The Santa Barbara Unified Board of Education held its first meeting of the year Tuesday over Zoom as COVID-19 cases continue to rise throughout the county with the rapid spread of the Omicron variant.

It was announced that 13,000 students and all district staff members are expected to be tested by Thursday, following a huge spike in positive cases within the district. Students began returning to their classrooms on January 3, and by January 6, more than 150 students and staff members tested positive for COVID-19.  The first week back of school, between January 3 and 7, there were at least 2,000 students and 250 staff members absent each day.

On Monday, January 10, more than 4,000 students and staff members were tested for COVID-19, with 260 testing positive. “We are at a point now in our community where the number of cases is overwhelming our system’s capacity to respond,” said Susan Klein-Rothschild, former deputy director of the county Public Health Department. 

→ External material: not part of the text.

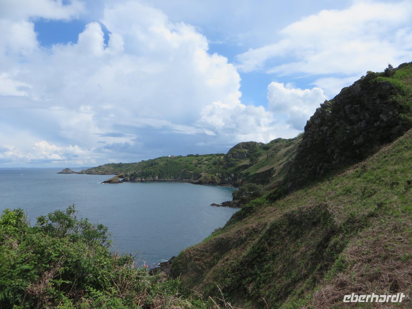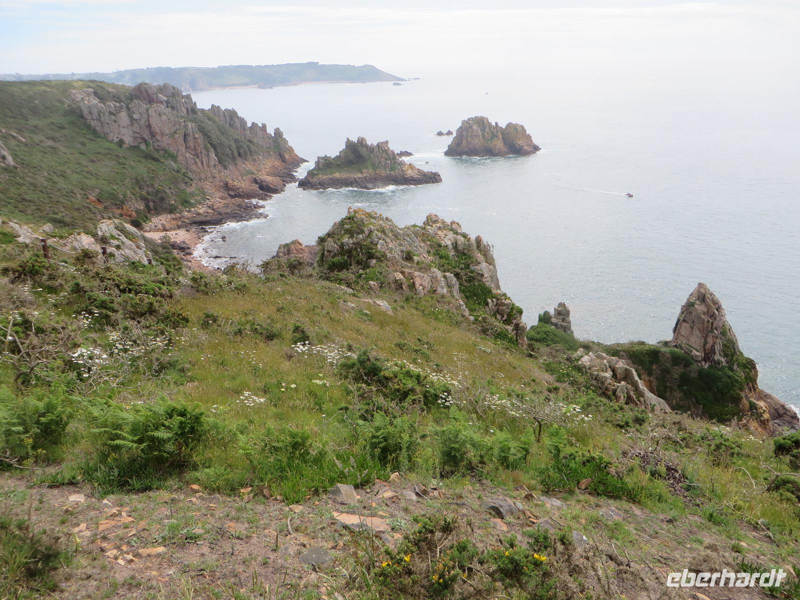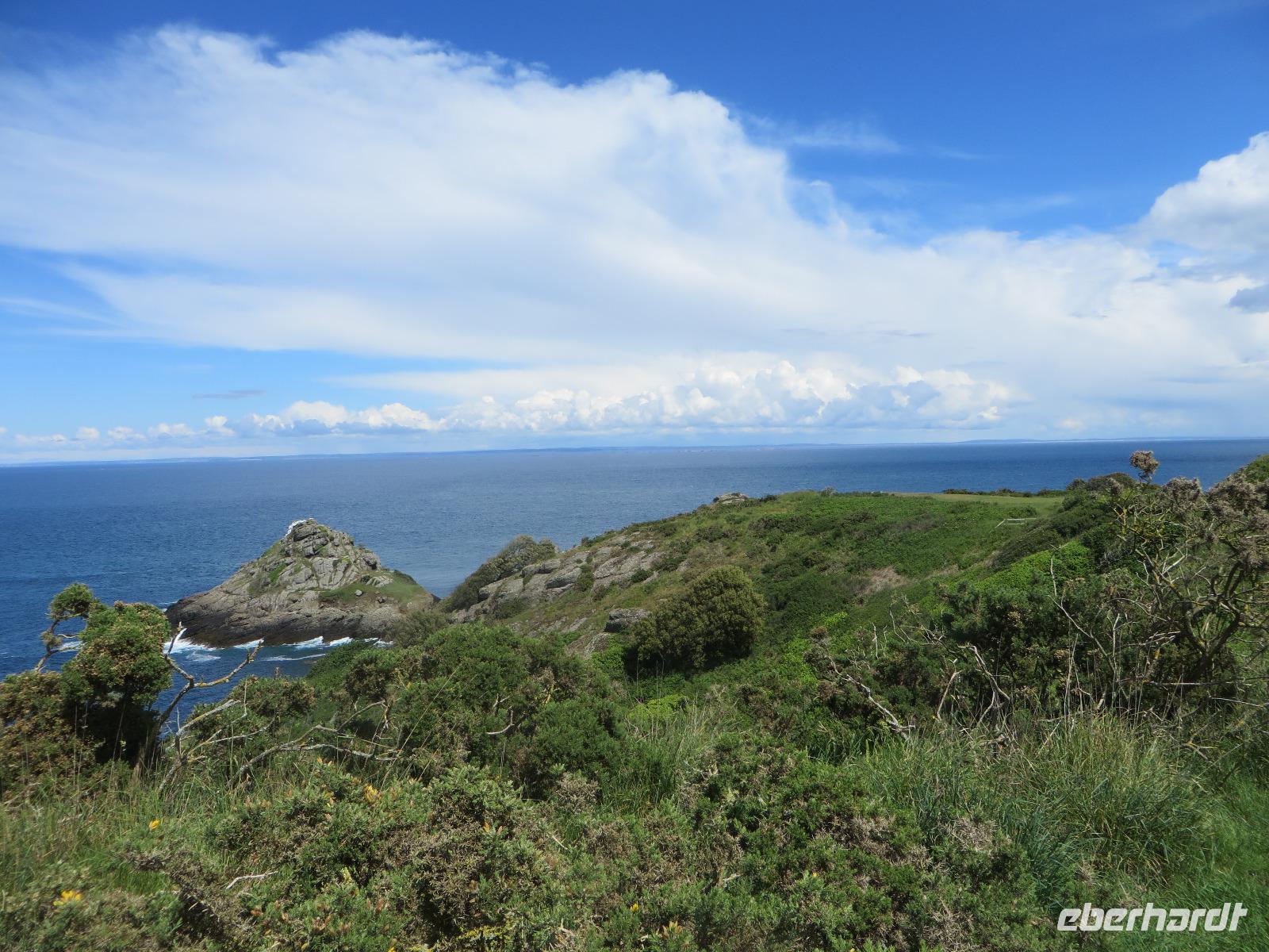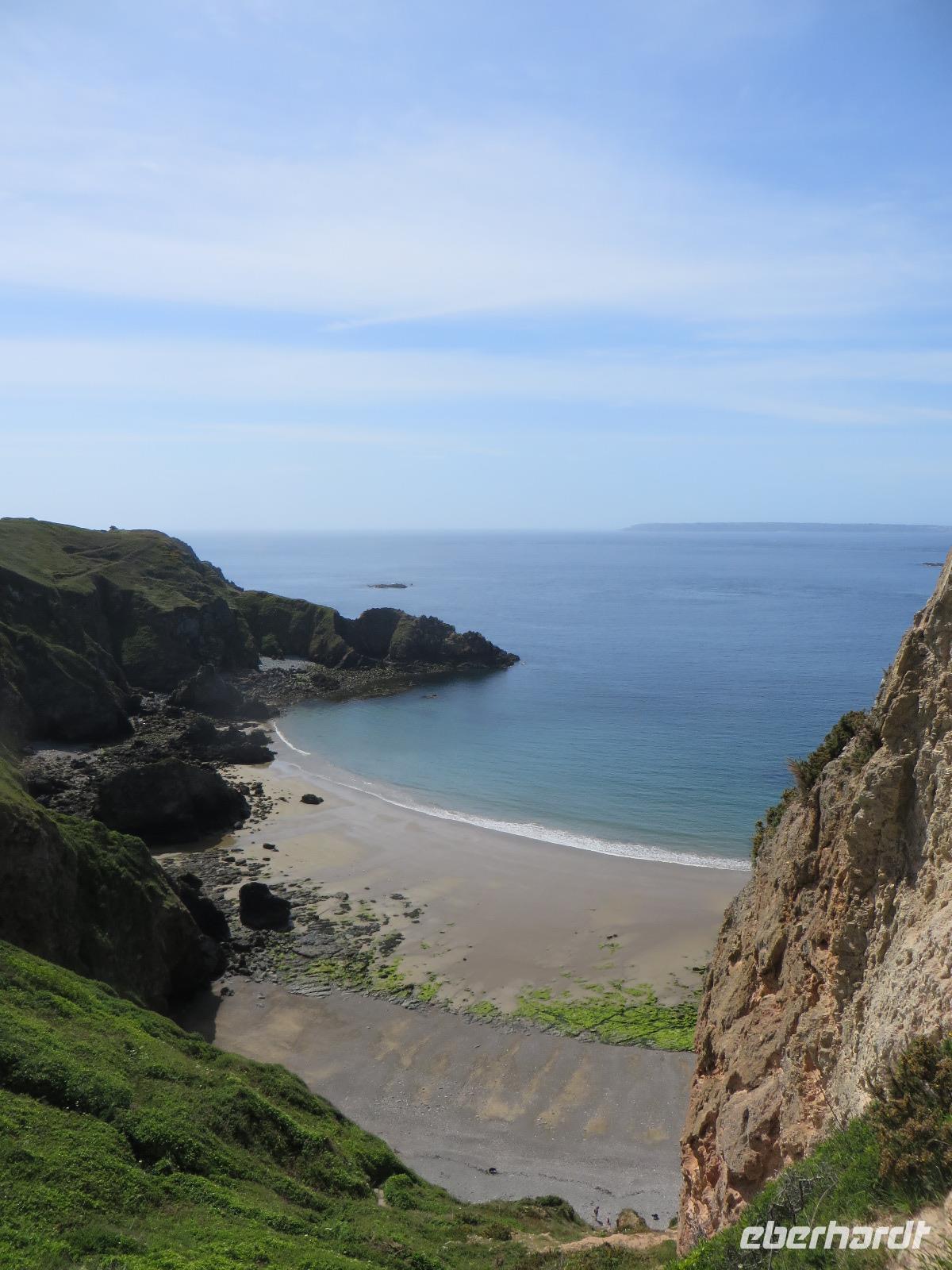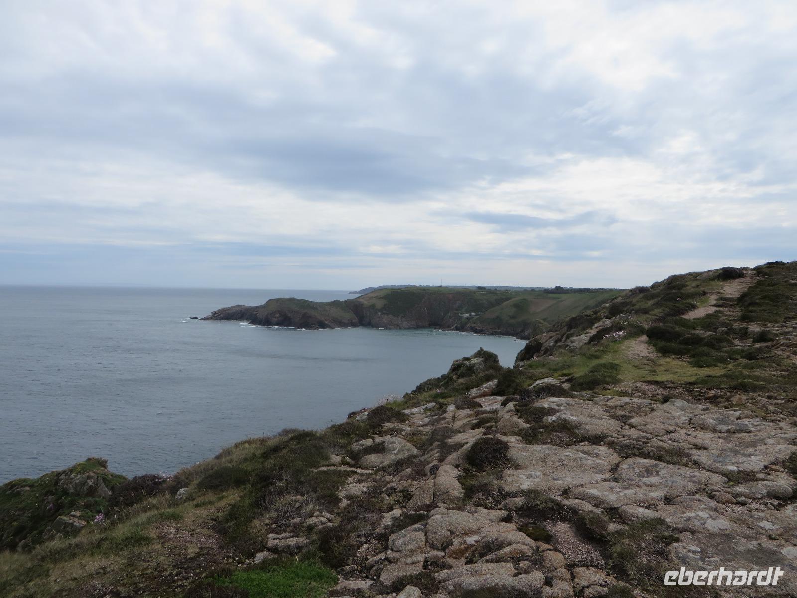 Heute erwartet uns eine Wanderung im Nordwesten Jerseys, und so geht es nach dem Frühstück los. Vorbei an den Coronation Gardens in St. Helier führt uns der Weg durch St. Ouen nach Grosnez Castle. Hier, an der Nordwestspitze, beginnt unsere Wanderung. Die raue Küste mit ihrer Heide und den vielen kleinwüchsigen Stachelginsterbüschen steht im deutlichen Kontrast zum gestrigen Ausflug nach Sark. Das Wetter, heute eher bedeckt und ein paar Tropfen kommen immer mal herunter, passt perfekt zu dieser Landschaft. Wir wandern entlang der Küste, und hinter jeder Biegung taucht eine andere schöne Bucht auf. Die steilen, oft bewachsenen Hänge bieten die perfekten Brutbedingungen für viele Seevögel. So sehen wir unterwegs unterschiedlichste Möwen, Austernfischer, Tölpel, aber auch Kolkraben, Kormorane, Fasane und Falken. Unser Weg führt uns nach Plemont Bay, wo wir unsere Mittagspause in einem Café direkt am Strand genießen. Der letzte Abschnitt der Wanderung führt uns vorbei an Greve de Lecq zum Devil's Hole, einer Art großem Loch, in der das Wasser meterhoch spritzen kann. Von hier aus sehen wir auch die ganze Küste, die wir heute erwandert haben, und sind zu Recht stolz auf unsere Leistung. Heidi bringt uns zurück zum Hotel, und nach dem Abendbrot beschließen wir gemeinsam mit einigen Teilnehmern der Rundreisegruppe, dass man auf den Britischen Inseln auch mal im Pub gewesen sein muss.

Klein-Rothschild explained that the Omicron variant is currently the most prevalent variant in California and much more transmissible with a shorter incubation time, meaning someone in close contact with another person infected by this variant could become infected themselves within one to three days. There has also been a rise in fully vaccinated and boosted people being infected, though Klein-Rothschild said their symptoms are less severe than unvaccinated individuals who are infected.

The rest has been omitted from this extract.